His hand comes up, a few grains of soil still caught in his calloused fingertips. He cups my jaw, so gently that it makes the bones feel like something more beautiful than my face.

My overworked heart pounds.

I can't move, not when he's leaning nearer. But this can't be right. Ethan belongs to Violet, to the girl with the flame-red pin, not to the girl whose only rebellion to the uniform code is a braid of rags showing all the different shades of gray. A boy like him belongs with the girl who fights. Not the one who made a weak attempt to rescue her best friend, only to run away when the bullets started to fly.
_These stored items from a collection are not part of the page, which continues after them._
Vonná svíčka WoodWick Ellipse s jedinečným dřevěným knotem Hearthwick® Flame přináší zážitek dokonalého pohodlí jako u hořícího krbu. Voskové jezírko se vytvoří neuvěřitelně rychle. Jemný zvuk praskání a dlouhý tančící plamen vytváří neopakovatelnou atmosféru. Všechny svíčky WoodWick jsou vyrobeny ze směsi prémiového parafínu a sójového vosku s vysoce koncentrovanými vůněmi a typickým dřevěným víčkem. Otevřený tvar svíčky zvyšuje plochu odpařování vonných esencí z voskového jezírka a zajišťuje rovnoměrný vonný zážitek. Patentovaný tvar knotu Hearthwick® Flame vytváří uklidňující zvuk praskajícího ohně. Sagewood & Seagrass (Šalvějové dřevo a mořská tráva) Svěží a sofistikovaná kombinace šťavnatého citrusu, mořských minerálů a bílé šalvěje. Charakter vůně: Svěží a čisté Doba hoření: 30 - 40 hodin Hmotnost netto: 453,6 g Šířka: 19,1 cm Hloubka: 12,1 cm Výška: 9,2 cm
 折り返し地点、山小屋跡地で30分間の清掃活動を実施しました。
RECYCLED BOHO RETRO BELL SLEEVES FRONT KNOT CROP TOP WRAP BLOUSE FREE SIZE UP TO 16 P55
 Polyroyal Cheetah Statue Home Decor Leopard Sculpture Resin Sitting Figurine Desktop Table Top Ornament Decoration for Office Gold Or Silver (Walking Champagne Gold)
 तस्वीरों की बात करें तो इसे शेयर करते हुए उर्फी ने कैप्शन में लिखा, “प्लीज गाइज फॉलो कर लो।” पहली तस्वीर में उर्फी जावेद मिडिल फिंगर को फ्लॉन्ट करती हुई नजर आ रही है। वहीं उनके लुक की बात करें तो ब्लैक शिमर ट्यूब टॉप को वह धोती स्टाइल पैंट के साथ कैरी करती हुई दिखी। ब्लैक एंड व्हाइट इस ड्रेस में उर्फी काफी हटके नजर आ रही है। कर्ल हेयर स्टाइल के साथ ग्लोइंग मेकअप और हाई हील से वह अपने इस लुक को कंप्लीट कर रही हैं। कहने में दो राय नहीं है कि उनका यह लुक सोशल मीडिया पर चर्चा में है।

When I hear Violet's name, Ethan's lips are a whisper of sin away from mine, and it feels like the echo of my own guilty thoughts. But he jerks back too, and that's when I know it's real. We spin to face the Media Screen above the square as everyone else does the same, drawn by the urgent sound of a news bulletin.

"The Gray Party has apprehended the person responsible for the breach in the wall, and the war that ended the Party's Peace. Violet Duvall is a traitor who refused to keep her country healthy by taking her Party Prescriptions. Instead, she conspired with the Alopecian government to violate her homeland." The screen changes to the old footage they always use, of blue uniformed soldiers swarming up a break in the gray cinder block wall of the capital city.

But all I can see is my own memory: of when Violet and I were hiding in Party Headquarters. After we changed our career assignments, we ducked into a storage closet so the guards could pass.

It was full of bright blue uniforms.

We didn't know what they were at the time. Figured maybe they'd been taken off enemy soldiers in the last great war, even though they looked too clean and modern for that.

But that was a week before the attack. A week before the wall came down. A week before the war that changed everything.

"Ethan." I grab his arm. "It wasn't Violet who started the war."

"Of course it wasn't. They just want something to pin on her, so they blame her for what those Blue Coat scum did."

"No, you don't understand. They faked the attack to give themselves an excuse to start the war. The Gray Party did."

He flinches a little. "What? But why would they..."

"I don't know, but I saw the evidence myself. We have to stop them. We have to prove that it wasn't Violet, where everyone can see so they have to let her go."

He's already nodding, but his face has gone pale. "But the Party is the only one with access to the Media Screens."

"It doesn't matter, Ethan. She gave herself to them so we could get away. We have to find a way to save her."

The screen interrupts us, this message somehow seeming louder than all the others before it.

"Violet Duvall will be executed on Patriot's Day."

My knees wobble, but Ethan catches me. His square jaw has gone hard as gunmetal.

"They think they have all the power because they have the screens," he says. "But we know the truth, and we have voices, too."